- **WHAT IS REQUIRED**: Transcribe every record verbatim; no pictures.

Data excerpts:

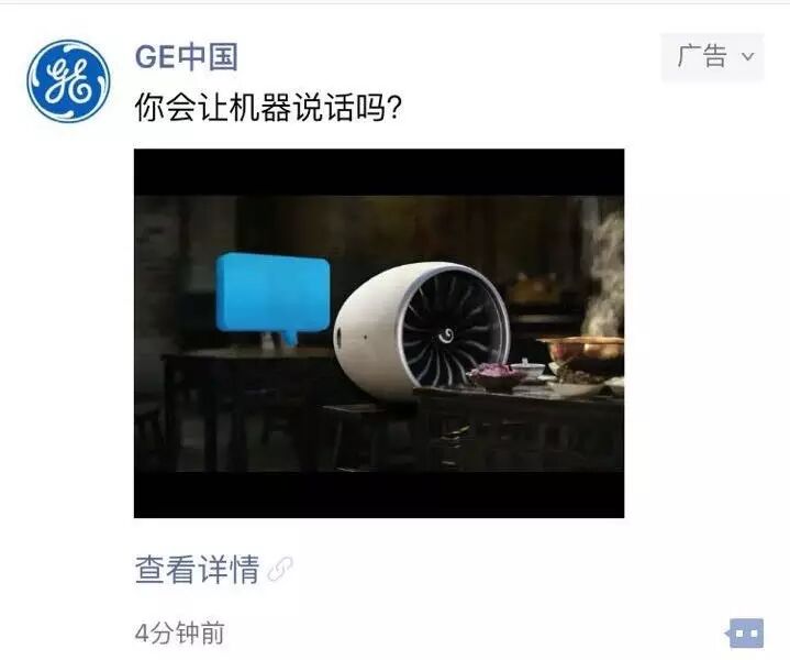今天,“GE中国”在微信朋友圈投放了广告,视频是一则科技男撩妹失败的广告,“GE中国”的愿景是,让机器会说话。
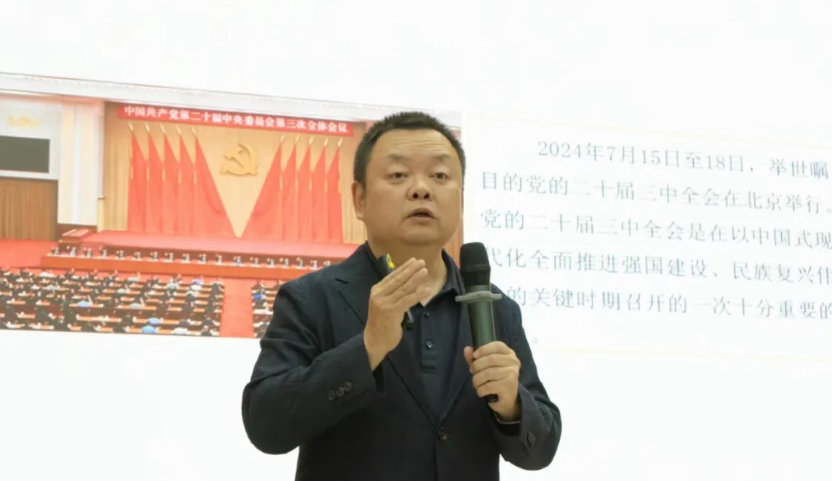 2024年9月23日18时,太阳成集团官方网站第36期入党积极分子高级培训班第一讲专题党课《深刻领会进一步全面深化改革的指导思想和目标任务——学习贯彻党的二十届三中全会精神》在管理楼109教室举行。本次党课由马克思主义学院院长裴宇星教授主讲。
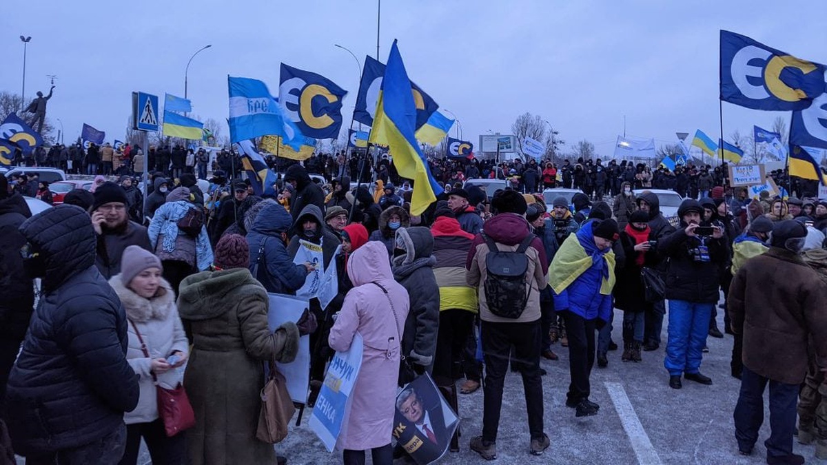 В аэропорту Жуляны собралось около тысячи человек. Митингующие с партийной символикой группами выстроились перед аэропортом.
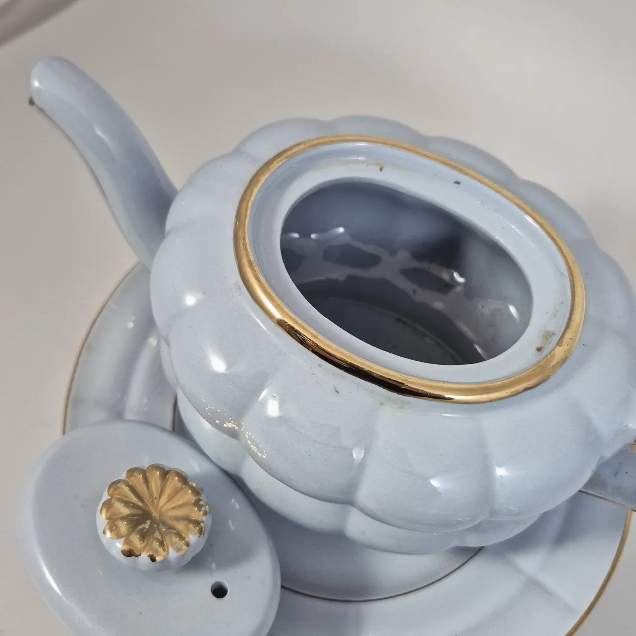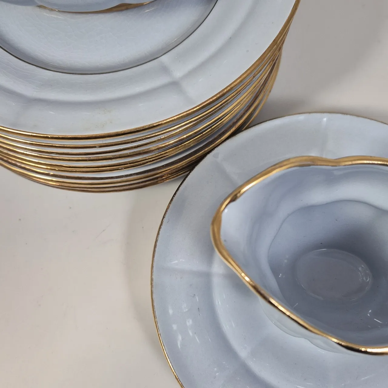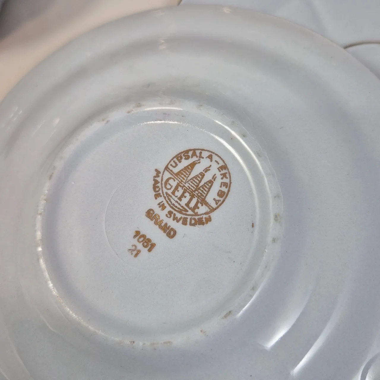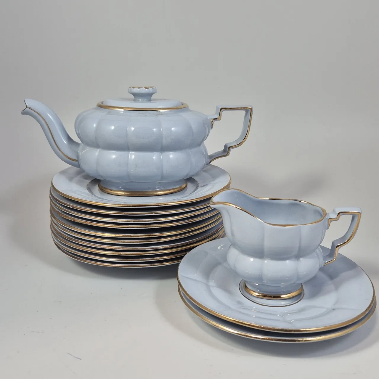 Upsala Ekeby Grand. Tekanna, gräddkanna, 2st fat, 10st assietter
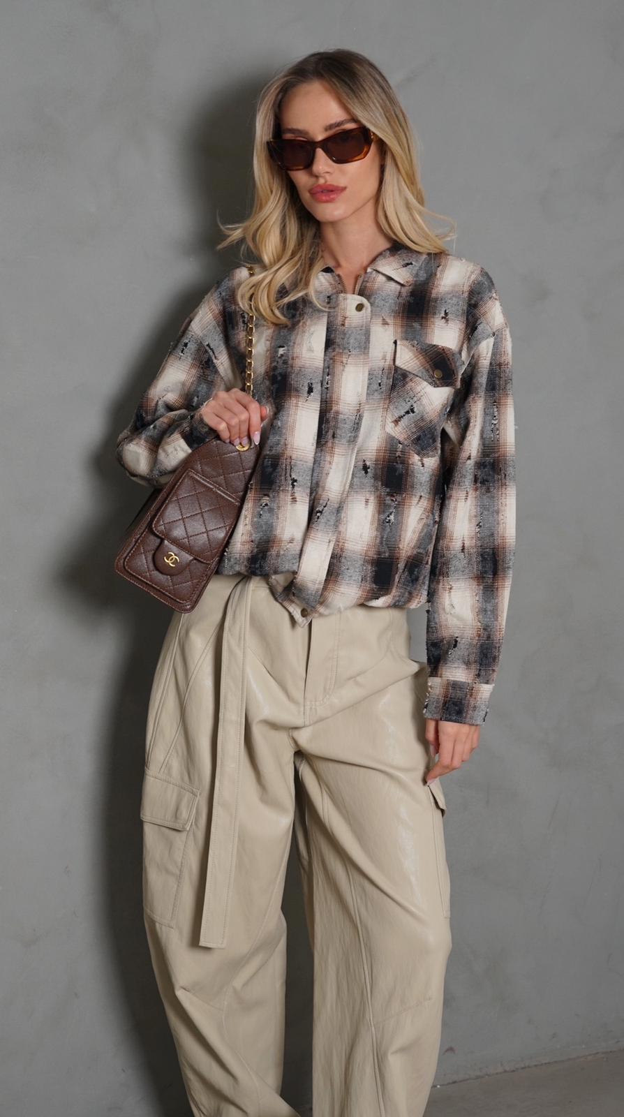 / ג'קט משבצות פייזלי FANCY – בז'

- **RESULT OF THIS TASK**:
今天,“GE中国”在微信朋友圈投放了广告,视频是一则科技男撩妹失败的广告,“GE中国”的愿景是,让机器会说话。
 2024年9月23日18时,太阳成集团官方网站第36期入党积极分子高级培训班第一讲专题党课《深刻领会进一步全面深化改革的指导思想和目标任务——学习贯彻党的二十届三中全会精神》在管理楼109教室举行。本次党课由马克思主义学院院长裴宇星教授主讲。
 В аэропорту Жуляны собралось около тысячи человек. Митингующие с партийной символикой группами выстроились перед аэропортом.
 Upsala Ekeby Grand. Tekanna, gräddkanna, 2st fat, 10st assietter
 / ג'קט משבצות פייזלי FANCY – בז'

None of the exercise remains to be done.